孩子们被强行拉入学堂,对着陌生如天书的字符,发出惊恐或呆滞的读音。
自然也有被逼至绝境者。
零星失去一切的武士、浪人,啸聚山林,或是在绝望中冲击当地的明军哨所、官衙。
然而,在绝对的组织、情报和武力优势面前,这些反抗如同萤火扑向冰山,转瞬即灭。
而且,每一次反抗,招致的是对整个区域更残酷的清洗——参与反抗的村镇,往往被整村屠灭,以儆效尤。
血淋淋的教训,迅速让任何反抗的火苗彻底熄灭。
明军与后续抵达的大批汉官、吏员、乃至从大明本土调来的专业矿工、农夫,组成了一部庞大而精密的机器,开始一丝不苟地执行《定倭诏》的每一条内容。
登记、分类、押送、分配、拆毁、重建……一切都在一种冷酷的效率下推进。
旧日列岛的社会结构、人口构成、文化面貌,以肉眼可见的速度被暴力撕碎、搅拌,然后按照新的蓝图,开始极其痛苦且强迫的重组。
……
“苍穹号”仙舟之内,一片沉寂。
只有中央全息沙盘上,代表各项诏令执行进度的光点和数据流,在无声地闪烁、流淌,冷冰冰地记录着下方正在发生的翻天覆地之变。
宁尚香立于观景台前,脸色微微发白。
尽管早有预感,尽管对倭人仇恨深植骨髓,但当《定倭诏》的内容如此清晰、如此彻底地宣示出来,当她透过高倍观测镜看到下方那规模空前、涉及每一个家庭的悲惨剧变时,一种难以言喻的复杂情绪,仍在她胸中激荡。
这不再是战争中对敌人的杀戮,这是一种对一整个民族从肉体到精神、从现实到未来的、系统性的“格式化”。
卫小宝走到她身边,目光平静地掠过下方朦胧的山川。
“觉得残酷?” 他淡淡问道。
宁尚香沉默片刻,缓缓摇头:“不……陛下。臣妾只是……感到了天威之浩荡,与天命之无情。”
她顿了顿,整理着思绪,“昔日萨摩屠琉球,是为一己贪欲,手段凶残,却无远谋,留下无尽血仇与混乱。而陛下今日之策……”

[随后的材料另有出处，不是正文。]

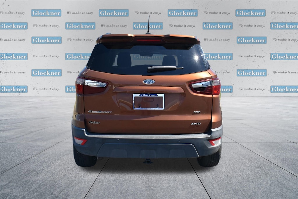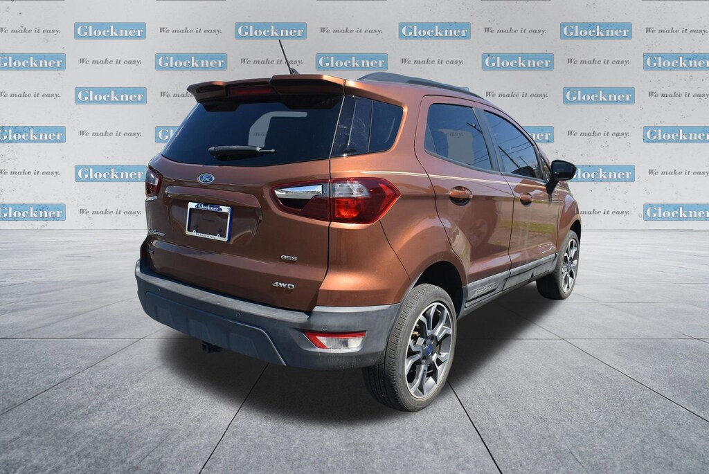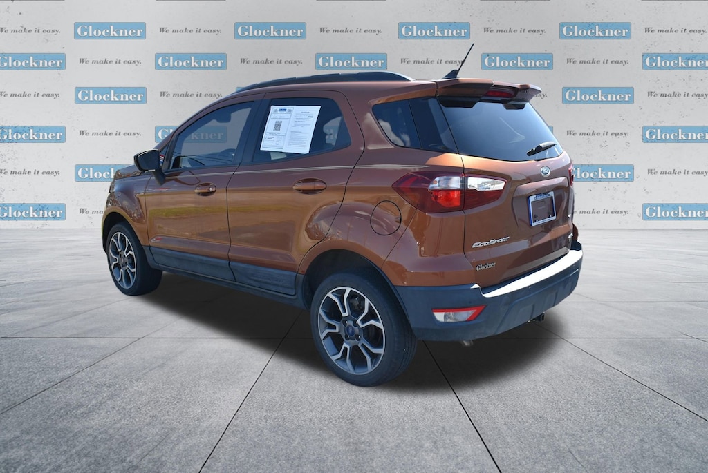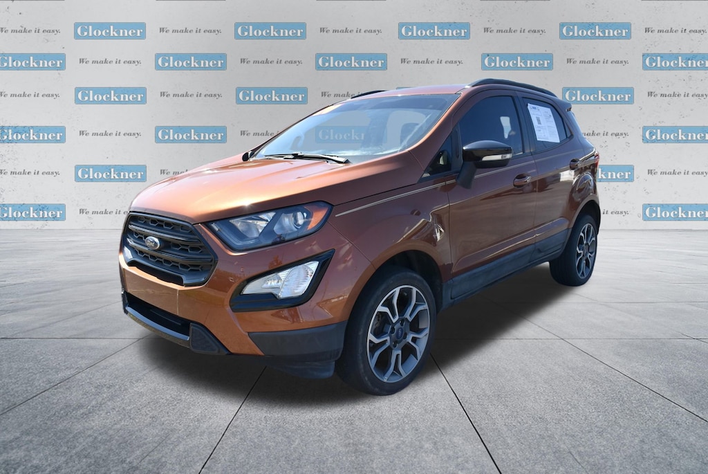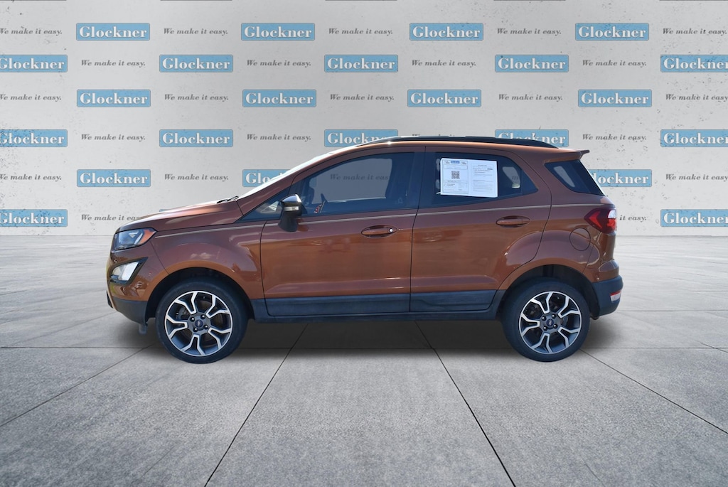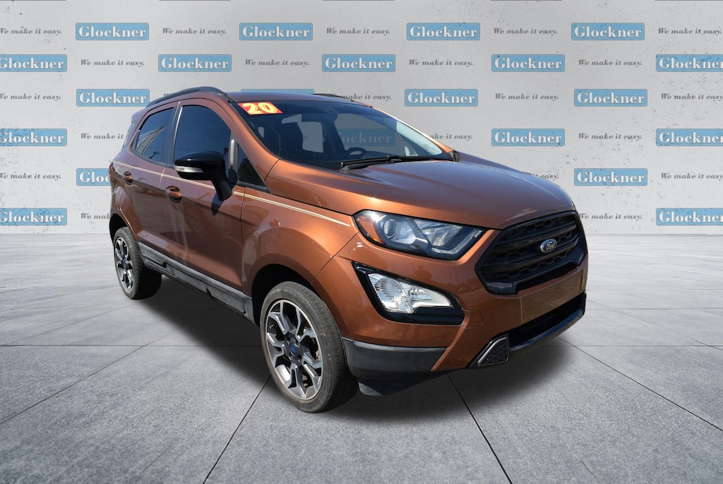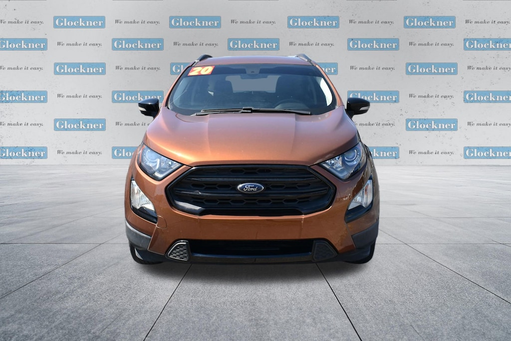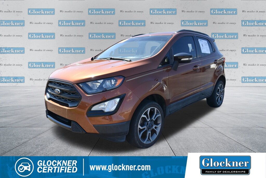 Certified. Certification Program Details: 12 Months or 12,000 miles Comprehensive Warranty. 5 Years or 100,000 miles Powertrain Warranty.Glockner of Ironton is proud to offer this great-looking 2020 Ford EcoSport in Canyon Ridge Metallic. This 2020 Ford EcoSport has passed our comprehensive inspection and comes with the following features; Equipment Group 300A, Glockner Certified Certified, 3.51 Axle Ratio, 4-Wheel Disc Brakes, 7 Speakers, ABS brakes, ActiveX Seating Material Heated Front Bucket Seats, Air Conditioning, Alloy wheels, AM/FM radio: SiriusXM, AppLink/Apple CarPlay and Android Auto, Auto-dimming Rear-View mirror, Automatic temperature control, Brake assist, Bumpers: body-color, Compass, Delay-off headlights, Driver door bin, Driver vanity mirror, Dual front impact airbags, Dual front side impact airbags, Electronic Stability Control, Emergency communication system: SYNC 3 911 Assist, Exterior Parking Camera Rear, Front anti-roll bar, Front Bucket Seats, Front Center Armrest, Front fog lights, Front reading lights, Front wheel independent suspension, Fully automatic headlights, Heated door mirrors, Heated front seats, Heated steering wheel, Illuminated entry, Knee airbag, Leather Shift Knob, Low tire pressure warning, Navigation System, Occupant sensing airbag, Outside temperature display, Overhead airbag, Overhead console, Panic alarm, Passenger door bin, Passenger vanity mirror, Power door mirrors, Power driver seat, Power moonroof, Power steering, Power windows, Radio data system, Radio: AM/FM Stereo w/MP3 Capable, Rain sensing wipers, Rear anti-roll bar, Rear Parking Sensors, Rear seat center armrest, Rear side impact airbag, Rear window defroster, Rear window wiper, Remote keyless entry, Roof rack: rails only, SiriusXM Radio, SiriusXM Traffic & Travel Link, Speed control, Speed-sensing steering, Split folding rear seat, Spoiler, Steering wheel mounted audio controls, SYNC 3 Communications & Entertainment System, Tachometer, Telescoping steering wheel, Tilt steering wheel, Traction control, Trip computer, Turn signal indicator mirrors, Variably intermittent wipers, and Wheels: 17 Painted Machined Aluminum.23/29 City/Highway MPG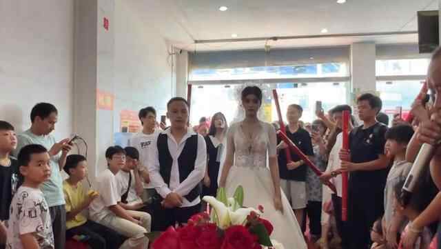 “婚礼是上周四(22日)举行的,因为就在镇上的正街举行,酒店到新郎家也很近,只有一百多米,所以没有迎亲坐车,是全程走过去的,很轰动,现场很多人围观拍视频。”璇璇介绍,新郎是三四个月前在抖音上刷到自己的化妆视频,然后通过私信联系,确定自己作为婚礼的化妆师,还请自己为他们的婚礼拍摄了一些视频。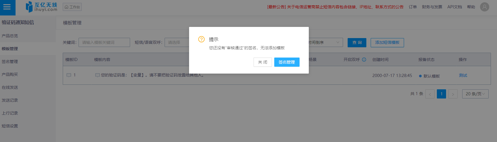 添加短信模板前,需确保有“审核通过”的签名。若未完成,点击“添加短信模板”时会弹出以下提示,此时需先进入 签名管理 完成签名报备。查看签名报备流程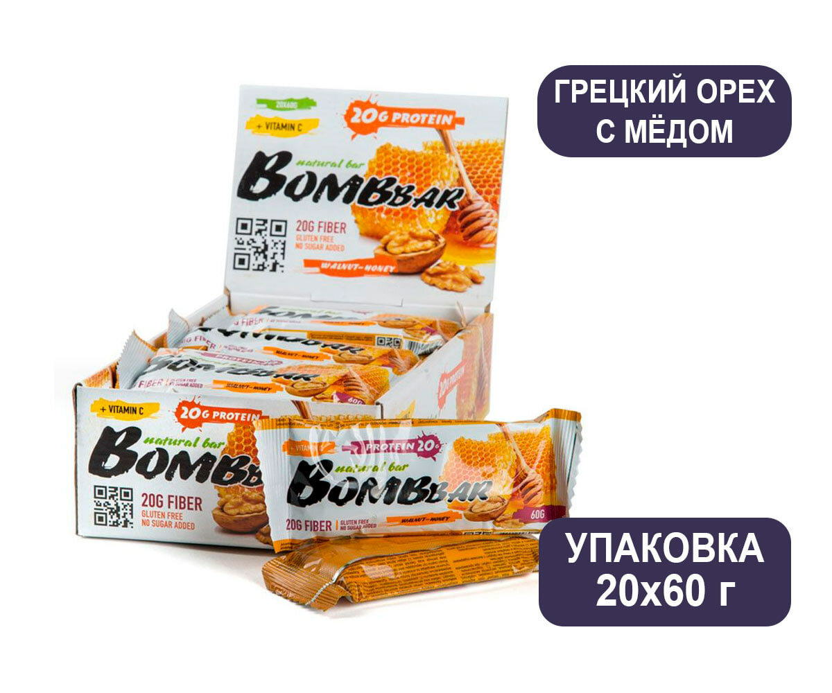 Протеиновый батончик BOMBBAR Protein Bar, Грецкий орех с медом (20шт по 60г)

她抬起头,眼中闪烁着清晰彻悟的光芒:“是真正以造物主之手,抹去一张充满错误与暴戾的旧画布,再以铁血为笔,文明为墨,重新绘制一幅完全属于华夏的崭新画卷。这不是复仇,这是……重塑乾坤。”
“倭国之名,将只存在于故纸堆与老人的噩梦呓语中。”
“数代之后,这片土地上行走的,将是说汉话、书汉字、奉华夏正朔的‘新瀛州人’。”
“琉球之血仇,将在这彻底的湮灭与新生中,得到最根本的清偿——因为施暴的主体,将从历史中被彻底抹去。”
卫小宝眼中掠过一丝几不可察的赞许:“你能看透此层,不枉随朕见证这一场。记住,非常之世,需行非常之法。妇人之仁,只会遗祸千秋。《定倭诏》之酷烈,正是为了杜绝后世一切反复之可能。今日之血,是为了明日此地永不再流血。”
宁尚香深深一礼:“臣妾谨记圣训。”
她再次望向窗外。
暮色渐合,下方广袤的列岛大地上,零星的火光,与无边的黑暗交织在一起。
是执行清洗的刑场?是移民新居的炊烟?还是捣毁神社的余烬?
一个旧世界,正在火光与血泪中凄厉地哀嚎、死去。
一个新世界,正在铁腕与强制下痛苦地萌芽、生长。
而她和这位高踞九天的圣皇,是这一切的最终裁定者与见证者。
历史的洪流,在此刻被强行扭转了方向,奔涌向一个注定截然不同的、由华夏文明完全主导的东海未来。
《定倭诏》的颁布,不仅是为倭国历史画上了终结符,更是为一场跨越文明层级的残酷实验,按下了启动键。实验的结果,将在数十年、乃至数百年的时光中,缓缓显现。
但无论如何,自这一日起,“倭国”已死。
活下来的,只能是“瀛州”、“筑州”、“四海州”、“北州”——大明帝国版图上,几块需要漫长岁月才能彻底消化、却再无可能脱离的新疆土。